___ Data records ___

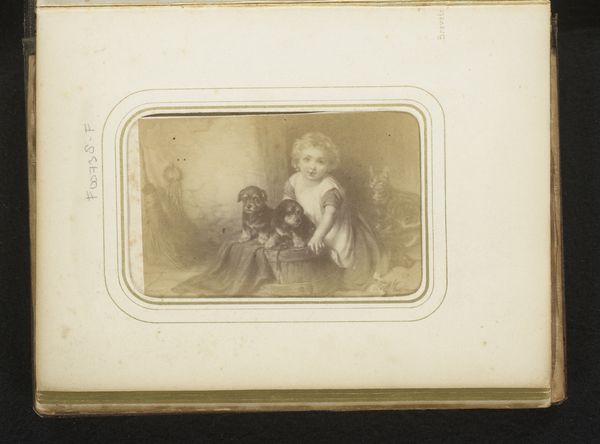 Editor: Here we have "Fotoreproductie van een schilderij van een peuter en een hond door George Augustus Holmes", likely made between 1870 and 1890, created using watercolor. It's an interesting scene, so intimate. What do you see in this piece that I might be missing? Curator: I see a carefully constructed image that idealizes childhood innocence. Holmes situates the child in a vulnerable yet powerful position, equal to the dog. The period it was created in saw a rise in paintings like these, sentimentalizing children and animals to establish and reinforce certain class-based social structures and morals around domesticity and private life. What do you make of the subtle presence of the cat in the background? Editor: The cat is an interesting touch! Is it a commentary on societal roles, placing the child and dog as central figures of comfort and loyalty while marginalizing other roles? Curator: Precisely! Think about the late 19th-century obsession with purity, gender roles, and nascent ideas of childhood development. These works weren't just pretty pictures; they were actively shaping cultural values, promoting ideals of domestic tranquility, and reinforcing specific narratives about who belonged where in society. This image naturalizes that narrative by displaying it as charming and commonplace, yet this charm masks a calculated arrangement. Editor: So the work isn't just about a child and a dog being friends. It is speaking to cultural values and social hierarchies! Thank you, this gave me a lot to consider! Curator: Absolutely. Keep asking those insightful questions; that’s where real understanding begins!
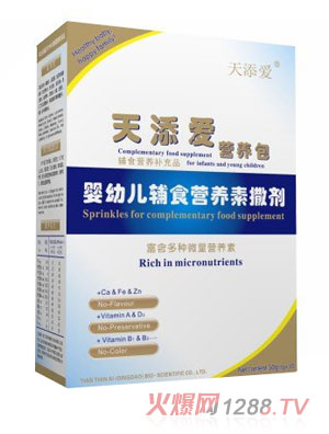 天添愛輔食營(yíng)養(yǎng)素是根據(jù)嬰幼兒的身體特征而研發(fā)的保健產(chǎn)品,產(chǎn)品中含有很豐富的維生素,能改善嬰幼兒身體素質(zhì),給寶寶有一雙明亮的眼睛,讓您的寶寶更加可愛。
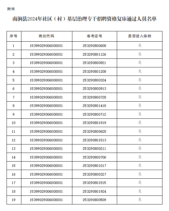 附件:南澗縣2024年社區(qū)(村)基層治理專干招聘資格復(fù)審?fù)ㄟ^人員名單
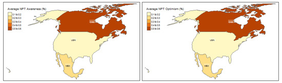 In the present analysis, the dependent variables are adolescent students’ levels of awareness and expectations about GMOs and NPT in North America. Figure 1 and Figure 2 summarize the spatial distributions of these variables within NAFTA:
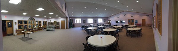 Our spacious fellowship hall is available for rent at the price of $75 per day. Our facility includes restrooms for men and women, air conditioning, and a full commercial kitchen. There is also ample parking on site and in the nearby parking lots.
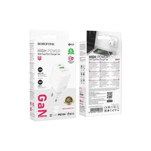 Зарядний пристрій BOROFONE BN29 Fuente 1xUSB-C PD30W + 1xUSB QC3.0 White (6941991120329) — ваша універсальна відповідь на всі потреби у швидкому та надійному зарядженні. Поєднуючи інноваційні технології Power Delivery 3.0, Quick Charge 3.0 та Programmable PowerSupply (PPS), цей адаптер пропонує максимальну ефективність зарядки для різноманітних гаджетів — від смартфонів і планшетів до смарт-годинників, фітнес-браслетів, TWS навушників, та навіть екшн-камер і геймпадів.
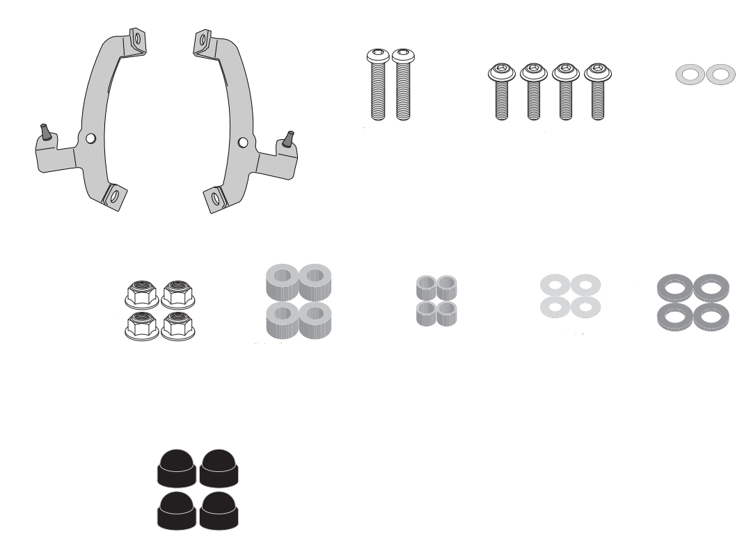 Deze Givi referentie is enkel en alleen een montagekit. Deze montagekit is niet universeel en enkel geschikt voor de montage van een specifiek windscherm op een specifiek voertuig.

___

## Work to complete
Reproduce the records in full, exactly as they appear, and show none of the pictures.

## Task output
 Editor: Here we have "Fotoreproductie van een schilderij van een peuter en een hond door George Augustus Holmes", likely made between 1870 and 1890, created using watercolor. It's an interesting scene, so intimate. What do you see in this piece that I might be missing? Curator: I see a carefully constructed image that idealizes childhood innocence. Holmes situates the child in a vulnerable yet powerful position, equal to the dog. The period it was created in saw a rise in paintings like these, sentimentalizing children and animals to establish and reinforce certain class-based social structures and morals around domesticity and private life. What do you make of the subtle presence of the cat in the background? Editor: The cat is an interesting touch! Is it a commentary on societal roles, placing the child and dog as central figures of comfort and loyalty while marginalizing other roles? Curator: Precisely! Think about the late 19th-century obsession with purity, gender roles, and nascent ideas of childhood development. These works weren't just pretty pictures; they were actively shaping cultural values, promoting ideals of domestic tranquility, and reinforcing specific narratives about who belonged where in society. This image naturalizes that narrative by displaying it as charming and commonplace, yet this charm masks a calculated arrangement. Editor: So the work isn't just about a child and a dog being friends. It is speaking to cultural values and social hierarchies! Thank you, this gave me a lot to consider! Curator: Absolutely. Keep asking those insightful questions; that’s where real understanding begins!
 天添愛輔食營(yíng)養(yǎng)素是根據(jù)嬰幼兒的身體特征而研發(fā)的保健產(chǎn)品,產(chǎn)品中含有很豐富的維生素,能改善嬰幼兒身體素質(zhì),給寶寶有一雙明亮的眼睛,讓您的寶寶更加可愛。
 附件:南澗縣2024年社區(qū)(村)基層治理專干招聘資格復(fù)審?fù)ㄟ^人員名單
 In the present analysis, the dependent variables are adolescent students’ levels of awareness and expectations about GMOs and NPT in North America. Figure 1 and Figure 2 summarize the spatial distributions of these variables within NAFTA:
 Our spacious fellowship hall is available for rent at the price of $75 per day. Our facility includes restrooms for men and women, air conditioning, and a full commercial kitchen. There is also ample parking on site and in the nearby parking lots.
 Зарядний пристрій BOROFONE BN29 Fuente 1xUSB-C PD30W + 1xUSB QC3.0 White (6941991120329) — ваша універсальна відповідь на всі потреби у швидкому та надійному зарядженні. Поєднуючи інноваційні технології Power Delivery 3.0, Quick Charge 3.0 та Programmable PowerSupply (PPS), цей адаптер пропонує максимальну ефективність зарядки для різноманітних гаджетів — від смартфонів і планшетів до смарт-годинників, фітнес-браслетів, TWS навушників, та навіть екшн-камер і геймпадів.
 Deze Givi referentie is enkel en alleen een montagekit. Deze montagekit is niet universeel en enkel geschikt voor de montage van een specifiek windscherm op een specifiek voertuig.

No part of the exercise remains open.